Shin Seung Jun, Wu Yichao, Zhang Hao Helen, Liu Yufeng
Department of Mathematics, University of Arizona, P.O. Box 210089, Tucson, Arizona 85721-0089, U.S.A.
Biometrics. 2014 Sep;70(3):546-55. doi: 10.1111/biom.12174. Epub 2014 Apr 29.
In high-dimensional data analysis, it is of primary interest to reduce the data dimensionality without loss of information. Sufficient dimension reduction (SDR) arises in this context, and many successful SDR methods have been developed since the introduction of sliced inverse regression (SIR) [Li (1991) Journal of the American Statistical Association 86, 316-327]. Despite their fast progress, though, most existing methods target on regression problems with a continuous response. For binary classification problems, SIR suffers the limitation of estimating at most one direction since only two slices are available. In this article, we develop a new and flexible probability-enhanced SDR method for binary classification problems by using the weighted support vector machine (WSVM). The key idea is to slice the data based on conditional class probabilities of observations rather than their binary responses. We first show that the central subspace based on the conditional class probability is the same as that based on the binary response. This important result justifies the proposed slicing scheme from a theoretical perspective and assures no information loss. In practice, the true conditional class probability is generally not available, and the problem of probability estimation can be challenging for data with large-dimensional inputs. We observe that, in order to implement the new slicing scheme, one does not need exact probability values and the only required information is the relative order of probability values.
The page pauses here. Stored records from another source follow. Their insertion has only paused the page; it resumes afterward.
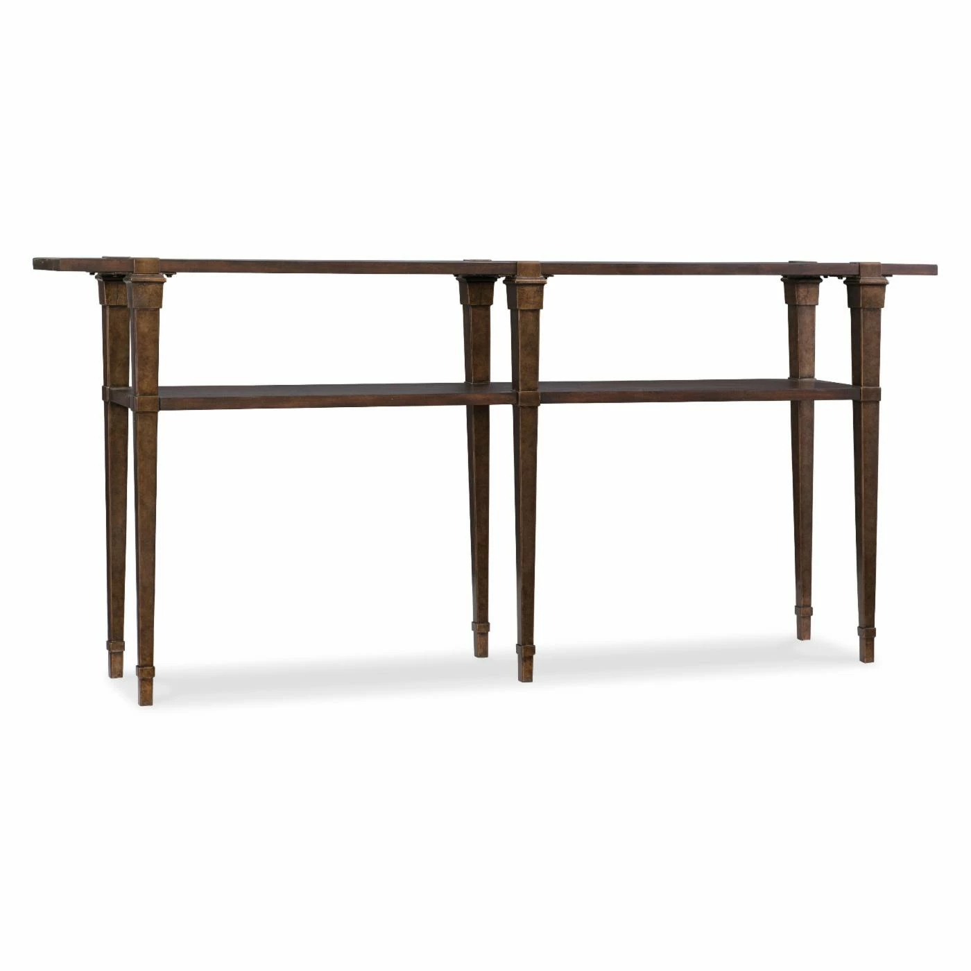 Even with a thin silhouette that’s barely there, the Hooker Furniture Skinny Console Table makes a bold style statement in most any space. And thanks to its slender design, it’s a fashionable fit most anywhere, from a hallway to a compact living space. The console table is crafted of solid hardwood with acacia veneers in a dark wood finish. You’ll find metal and resin accents throughout, and a full-length lower shelf is sized just right for a home accent or two.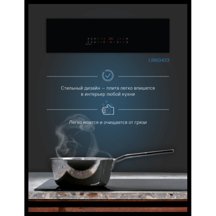 индикатор остаточного тепла, кнопка блокировки панели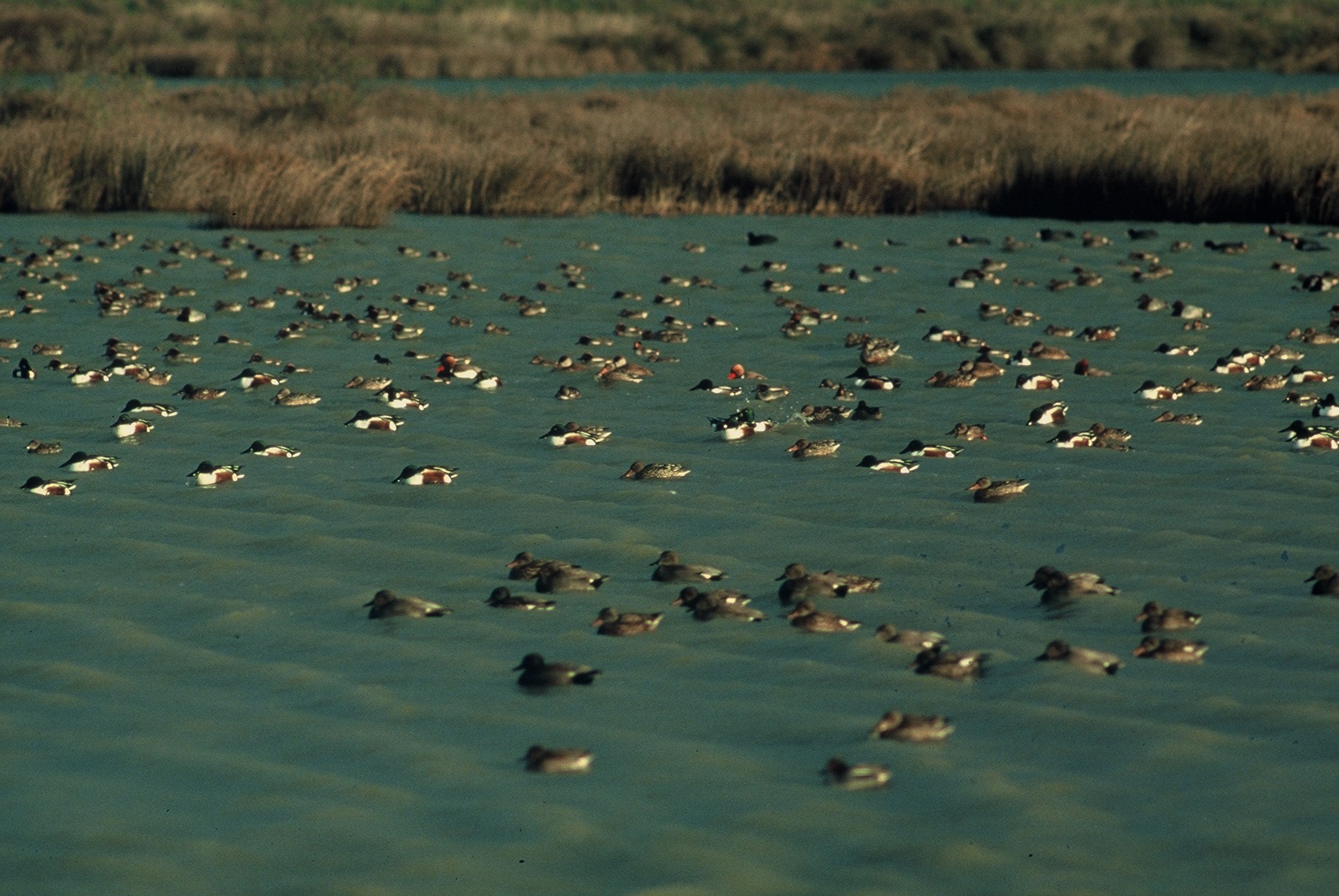 Plusieurs dizaines de milliers de canards (essentiellement sarcelles d’hiver, colverts, pilets et souchets mais aussi milouins et morillons) viennent passer l’hiver en Camargue.

Motivated by this fact, our new SDR procedure bypasses the probability estimation step and employs the WSVM to directly estimate the order of probability values, based on which the slicing is performed. The performance of the proposed probability-enhanced SDR scheme is evaluated by both simulated and real data examples.
在高维数据分析中,主要目标是在不损失信息的情况下降低数据维度。在这种背景下出现了充分降维(SDR),自切片逆回归(SIR)被引入以来,已经开发了许多成功的SDR方法[Li(1991)《美国统计协会杂志》86,316 - 327]。然而,尽管取得了快速进展,但大多数现有方法针对的是具有连续响应的回归问题。对于二元分类问题,SIR存在局限性,因为只有两个切片可用,所以最多只能估计一个方向。在本文中,我们通过使用加权支持向量机(WSVM)为二元分类问题开发了一种新的灵活的概率增强SDR方法。关键思想是根据观测值的条件类概率而不是其二元响应来对数据进行切片。我们首先表明基于条件类概率的中心子空间与基于二元响应的中心子空间相同。这一重要结果从理论角度证明了所提出的切片方案的合理性,并确保没有信息损失。在实践中,真实的条件类概率通常不可用,并且对于具有高维输入的数据,概率估计问题可能具有挑战性。我们观察到,为了实施新的切片方案,不需要精确的概率值,唯一需要的信息是概率值的相对顺序。受这一事实的启发,我们的新SDR过程绕过了概率估计步骤,而是使用WSVM直接估计概率值的顺序,并在此基础上进行切片。通过模拟和实际数据示例对所提出的概率增强SDR方案的性能进行了评估。